The Sentinel Node in Breast Cancer -- A Multicenter Validation Study
Krag D, Weaver D, Ashikaga T, Moffat F, Klimberg VS, Shriver C, Feldman S, Kusminsky R, Gadd M, Kuhn J, Harlow S, Beitsch P,
Abramson Cancer Center of the University of Pennsylvania
Last Modified: November 1, 2001
Reviewers: Kenneth Blank, MD and John Han-Chih Chang, MD
Source: The New England Journal of Medicine -- October 1, 1998 -- Volume 339, Number 14
BackgroundThe treatment of invasive breast cancer always includes dissection of the axilla (the area of tissue under the armpit) to determine if lymph nodes in this area have been invaded by cancer.
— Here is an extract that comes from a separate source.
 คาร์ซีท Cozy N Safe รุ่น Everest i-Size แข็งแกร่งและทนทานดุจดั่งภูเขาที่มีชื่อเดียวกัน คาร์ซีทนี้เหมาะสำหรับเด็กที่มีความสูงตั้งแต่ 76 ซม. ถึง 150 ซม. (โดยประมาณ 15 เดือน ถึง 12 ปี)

An axillary dissection guides therapy in the post-operative period: the number of lymph nodes positive, if any, may determine what type and how long chemotherapy is dosed. In addition, most doctors believe that if there are no lymph nodes with cancer then radiation to the axilla can be avoided. However, an axillary dissection is not without morbidity, the most concerning of which is arm edema (swelling) which occurs to varying degrees in about 10% of women.
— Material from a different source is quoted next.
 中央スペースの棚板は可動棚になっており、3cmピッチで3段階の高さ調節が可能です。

Sentinel node biopsy is an investigational technique to determine the status of the axillary lymph nodes without performing a full axillary dissection. Using radioisotpes or blue dye surgeons identify and remove just one or two lymph nodes (the sentinel nodes) for pathologic evaluation. While this procedure avoids the morbidity of a full axillary dissection, is relies on the theory that cancer spreads in an orderly progression from the breast tissue into the sentinel node then into other nodes in the axilla. However, it remains to be proven whether the status of the sentinel node is indicative of other lymph nodes in the axilla. Towards this end several papers have reported on cohorts of women who undergo sentinel lymph node biopsy followed immediately by an axillary dissection, which allows investigators to determine if the pathologic status of the sentinel lymph node is indicative of rest of the lymph nodes.